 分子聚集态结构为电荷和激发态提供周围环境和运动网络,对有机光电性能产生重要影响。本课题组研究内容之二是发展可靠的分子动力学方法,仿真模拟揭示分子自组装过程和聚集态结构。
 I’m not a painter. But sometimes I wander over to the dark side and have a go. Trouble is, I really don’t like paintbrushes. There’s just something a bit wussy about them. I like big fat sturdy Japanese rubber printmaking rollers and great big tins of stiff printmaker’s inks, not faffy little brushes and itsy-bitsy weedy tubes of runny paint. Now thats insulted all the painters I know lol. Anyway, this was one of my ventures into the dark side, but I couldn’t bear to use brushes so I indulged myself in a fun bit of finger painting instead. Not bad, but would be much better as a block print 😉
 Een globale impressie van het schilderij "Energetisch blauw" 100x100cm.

* * *

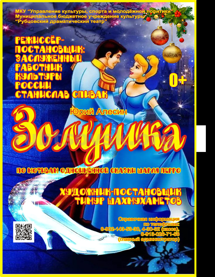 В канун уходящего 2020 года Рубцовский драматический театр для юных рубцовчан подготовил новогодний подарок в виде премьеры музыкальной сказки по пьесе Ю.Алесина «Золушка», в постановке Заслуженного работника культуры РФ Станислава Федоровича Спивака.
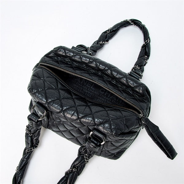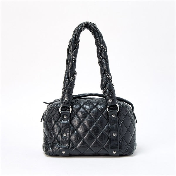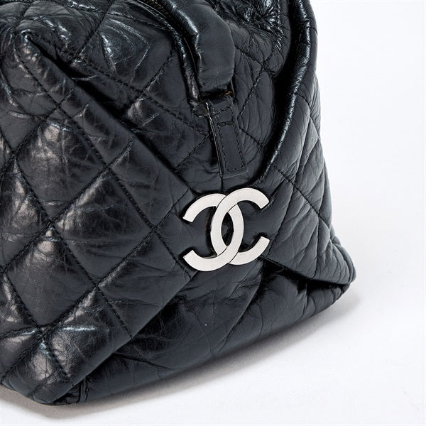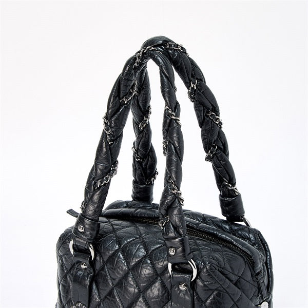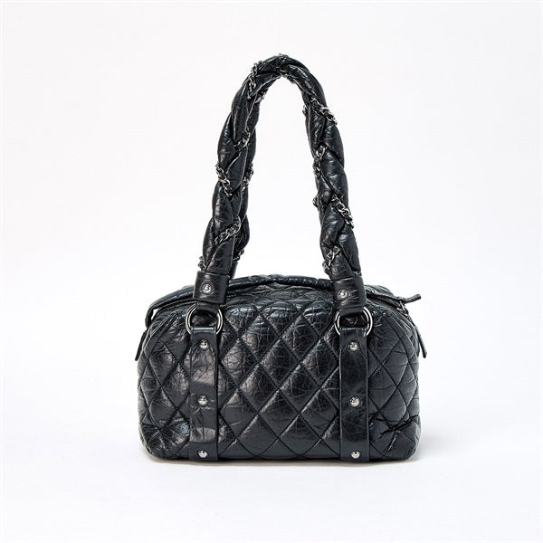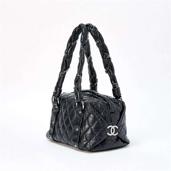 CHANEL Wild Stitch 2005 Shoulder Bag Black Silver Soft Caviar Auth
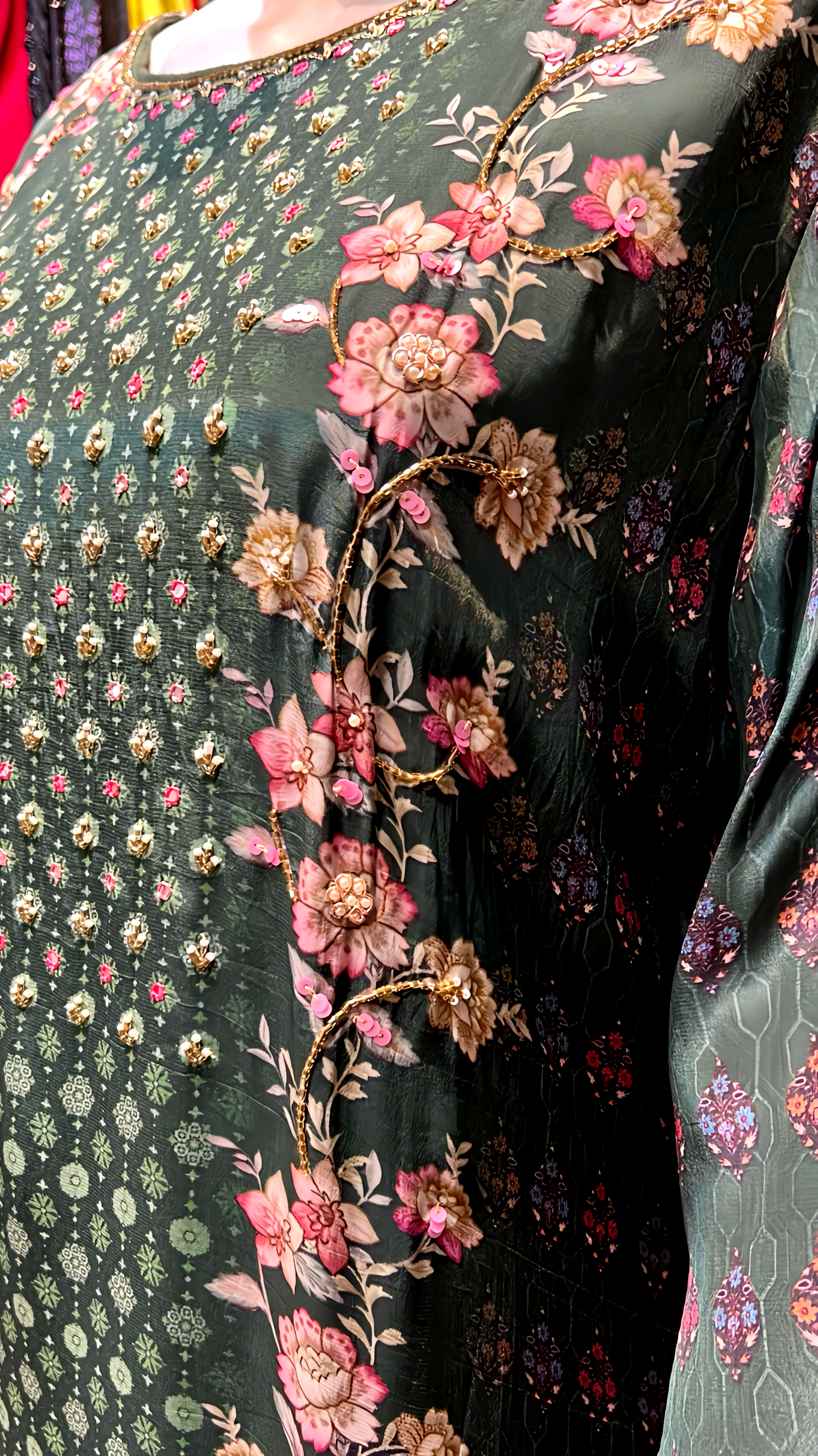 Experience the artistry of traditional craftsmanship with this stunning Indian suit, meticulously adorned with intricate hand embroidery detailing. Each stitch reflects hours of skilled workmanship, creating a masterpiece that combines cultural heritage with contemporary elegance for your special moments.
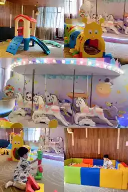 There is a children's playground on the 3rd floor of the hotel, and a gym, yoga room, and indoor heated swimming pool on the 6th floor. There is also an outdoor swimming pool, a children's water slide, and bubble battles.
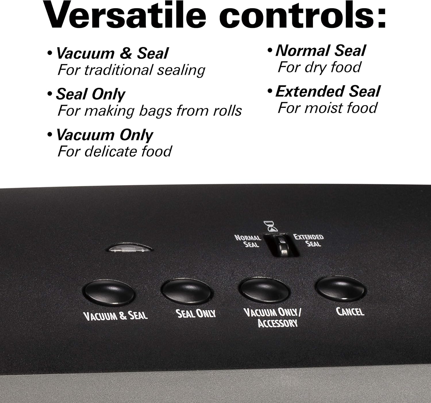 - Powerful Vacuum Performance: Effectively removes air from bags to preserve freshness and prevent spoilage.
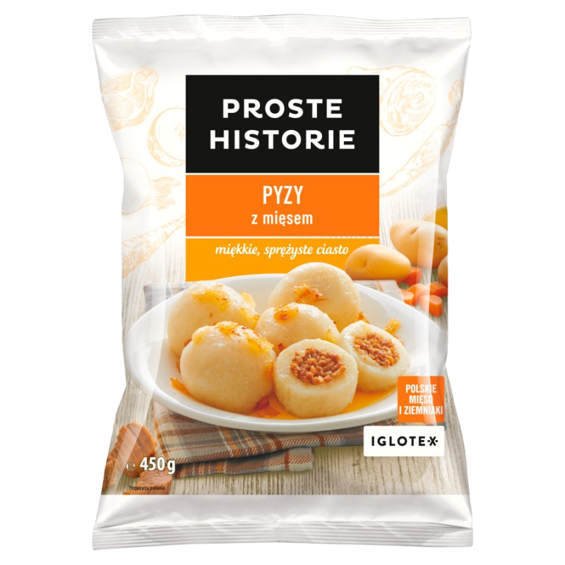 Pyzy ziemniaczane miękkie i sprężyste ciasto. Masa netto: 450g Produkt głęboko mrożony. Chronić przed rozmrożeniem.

*TASK DESCRIPTION*: Beginning with the line containing "分子聚集态结构为电荷和激发态" in the material above, copy every line exactly until you have copied the line containing "Een globale impressie".

*SOLUTION FOR THIS TASK*:
 分子聚集态结构为电荷和激发态提供周围环境和运动网络,对有机光电性能产生重要影响。本课题组研究内容之二是发展可靠的分子动力学方法,仿真模拟揭示分子自组装过程和聚集态结构。
 I’m not a painter. But sometimes I wander over to the dark side and have a go. Trouble is, I really don’t like paintbrushes. There’s just something a bit wussy about them. I like big fat sturdy Japanese rubber printmaking rollers and great big tins of stiff printmaker’s inks, not faffy little brushes and itsy-bitsy weedy tubes of runny paint. Now thats insulted all the painters I know lol. Anyway, this was one of my ventures into the dark side, but I couldn’t bear to use brushes so I indulged myself in a fun bit of finger painting instead. Not bad, but would be much better as a block print 😉
 Een globale impressie van het schilderij "Energetisch blauw" 100x100cm.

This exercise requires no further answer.